[[ Data segment, beginning ]]

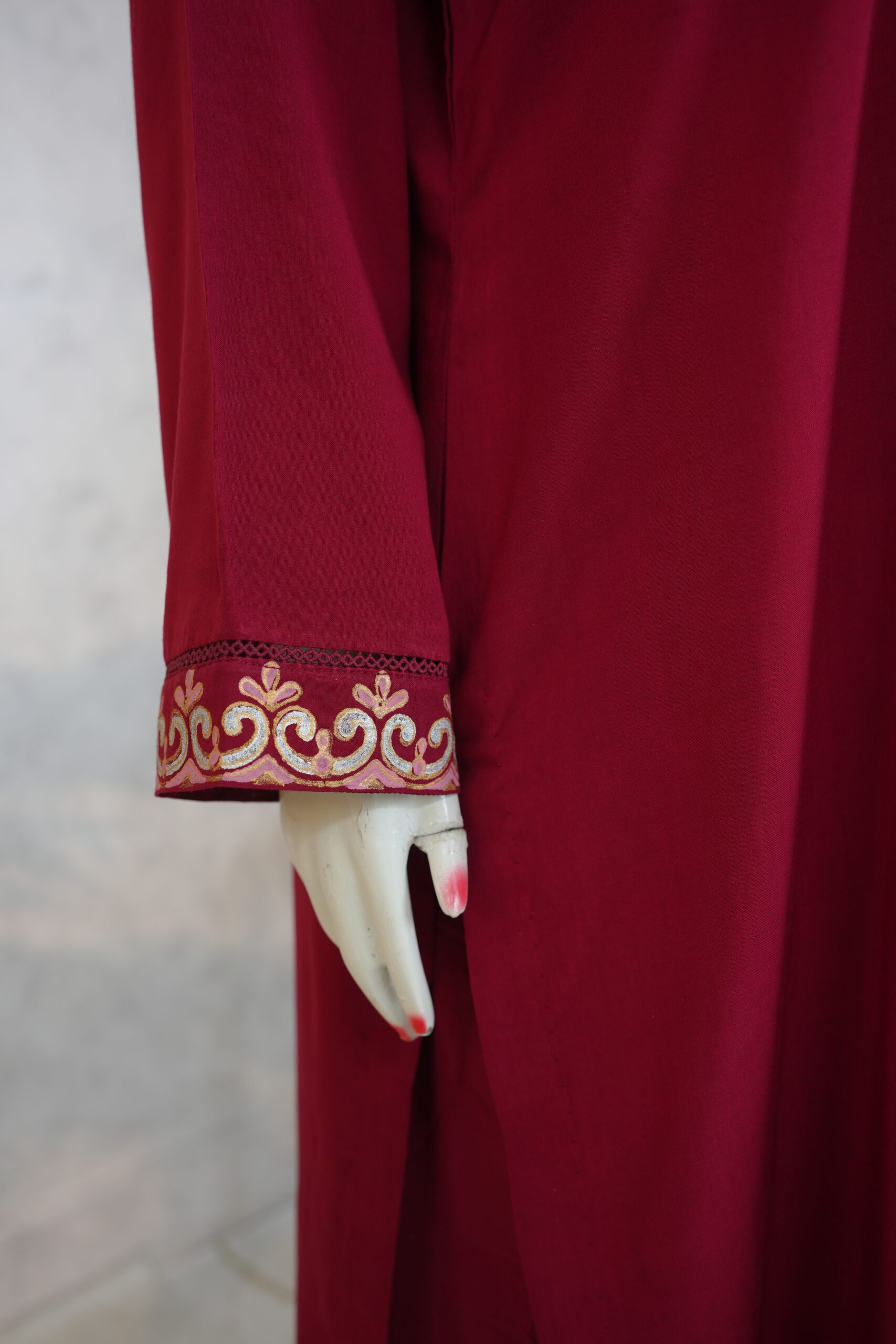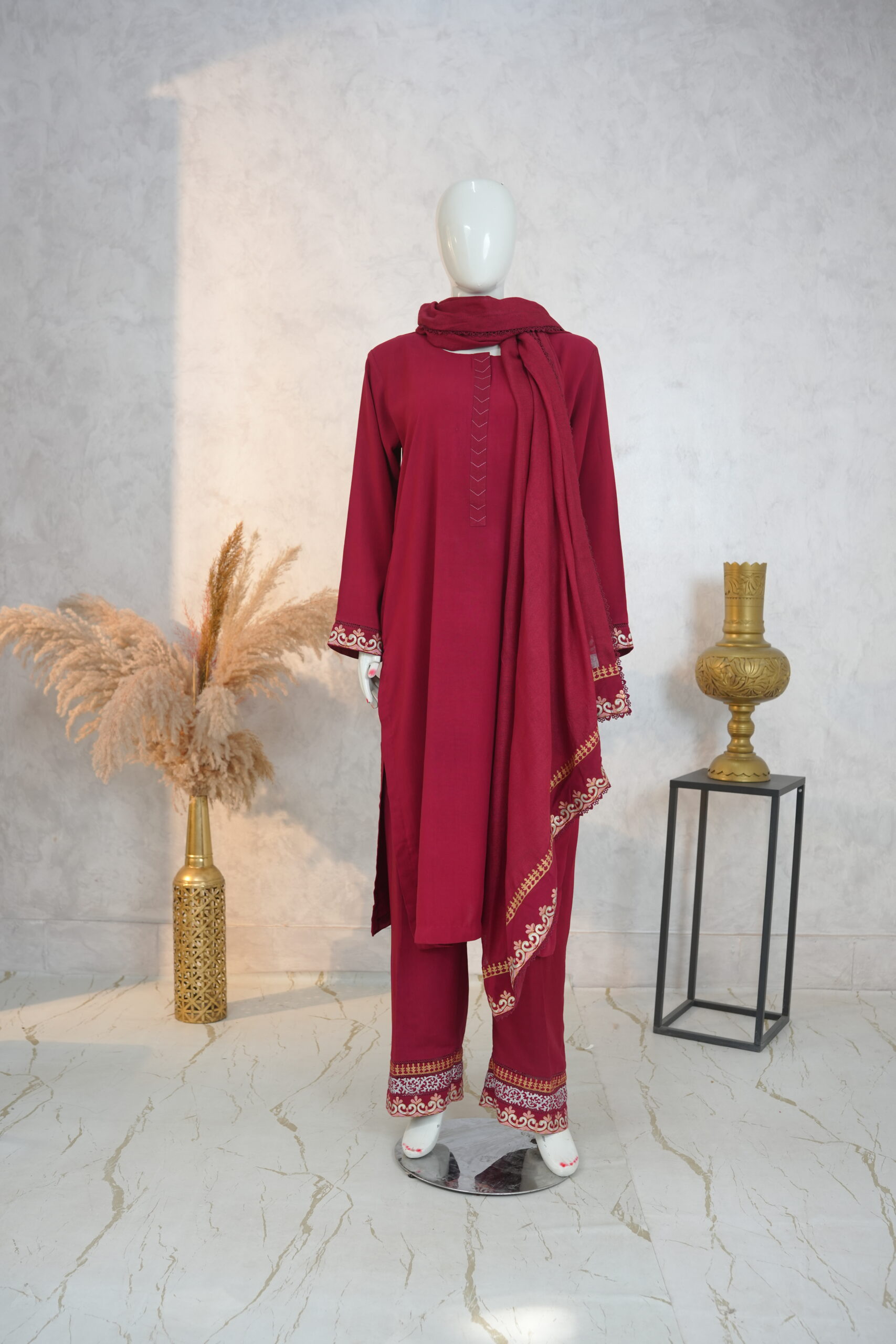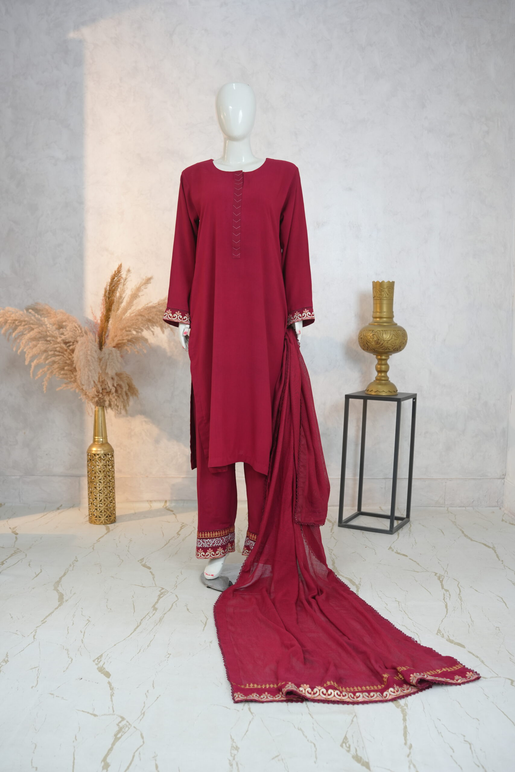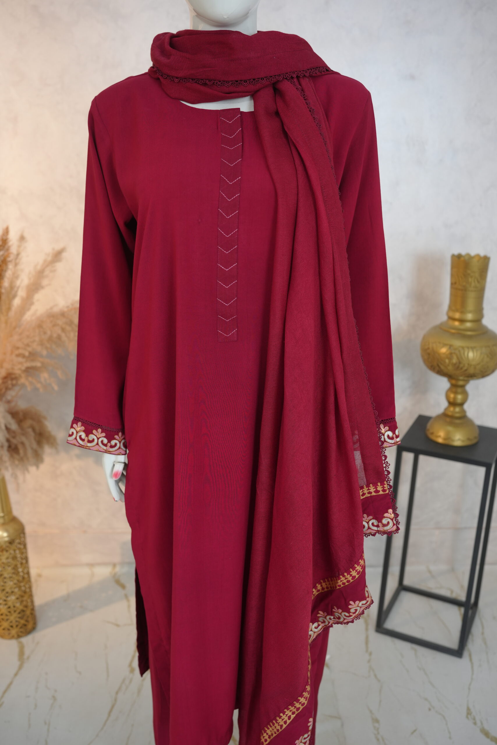 Deep Maroon – A refined 3-piece stitched set in Boski Linen — soft, matte and warm for the winter season. The deep maroon tone is complemented with block print detailing on the sleeves and trouser hem, adding a classic handcrafted touch.
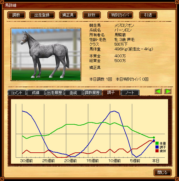 ただし,嬉しいことばかりでもない。とにもかくにも体重を減らさねばならなかったために行った毎週2回ずつの調教は,確実にそれぞれの馬の疲労度を高めてしまっている。あまり無理が続くようだと,ベストのレースもできないだろうし,それ以前に馬の体が心配だ。無事これ名馬,という言葉があるように,ちょっとぐらい遅くてもいいから無事に競走馬生活を終えてほしいものである。そこで我が馬騎蔵牧場が取った方法論は,次のようなものだ。
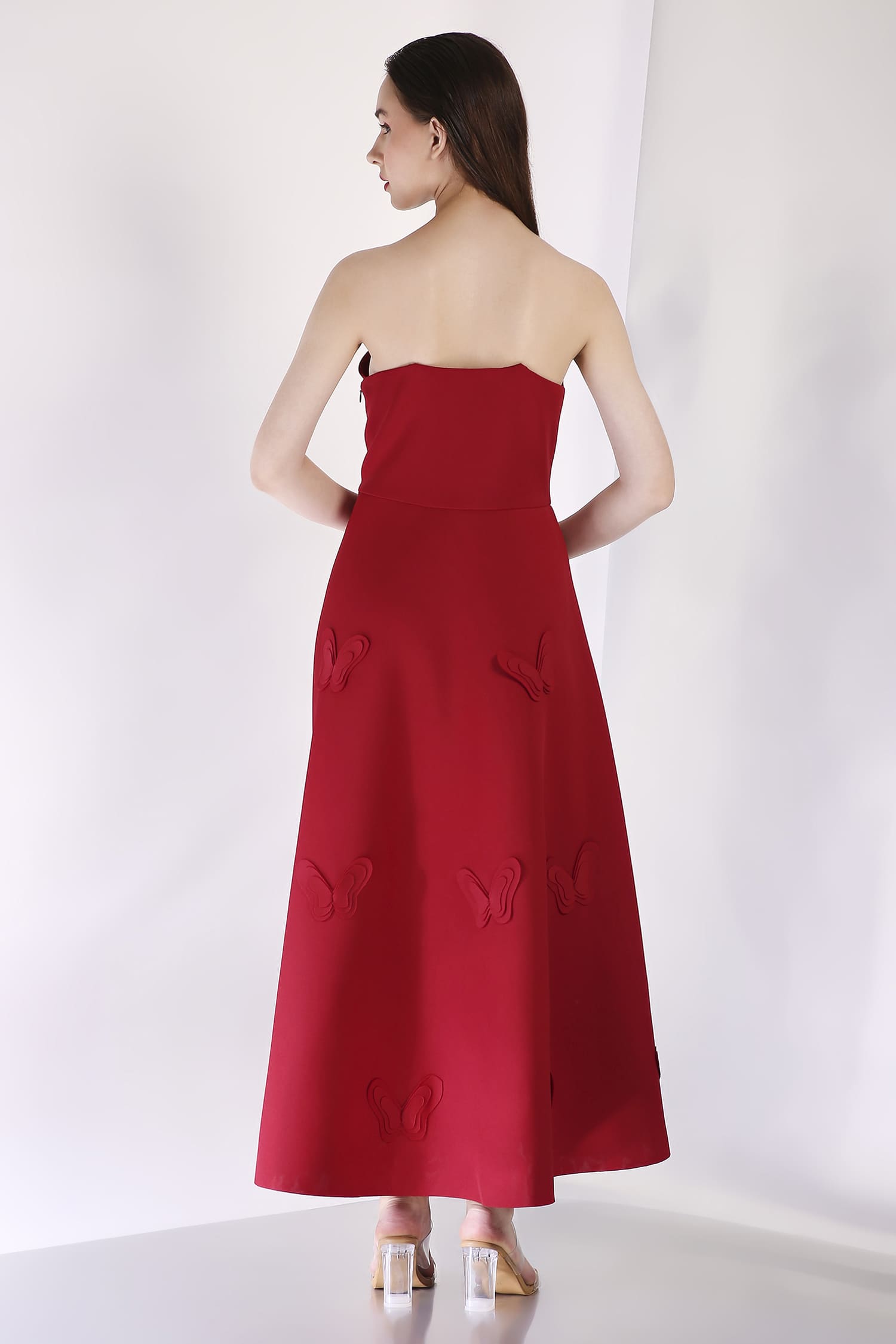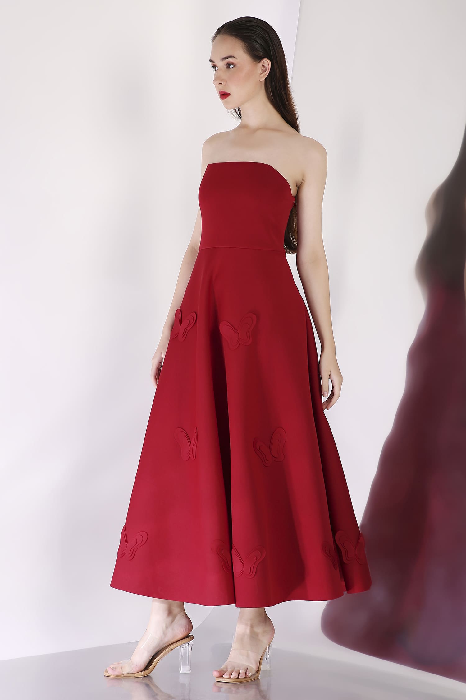 A strapless fit-and-flare mid-calf dress featuring butterfly appliqués for a textured, romantic look.

[[ Data segment, end ]]

What the answer needs is every line from the one with "ただし,嬉しいことばかりでも" through the last line of the data, reproduced word for word and with pictures omitted.

 ただし,嬉しいことばかりでもない。とにもかくにも体重を減らさねばならなかったために行った毎週2回ずつの調教は,確実にそれぞれの馬の疲労度を高めてしまっている。あまり無理が続くようだと,ベストのレースもできないだろうし,それ以前に馬の体が心配だ。無事これ名馬,という言葉があるように,ちょっとぐらい遅くてもいいから無事に競走馬生活を終えてほしいものである。そこで我が馬騎蔵牧場が取った方法論は,次のようなものだ。
 A strapless fit-and-flare mid-calf dress featuring butterfly appliqués for a textured, romantic look.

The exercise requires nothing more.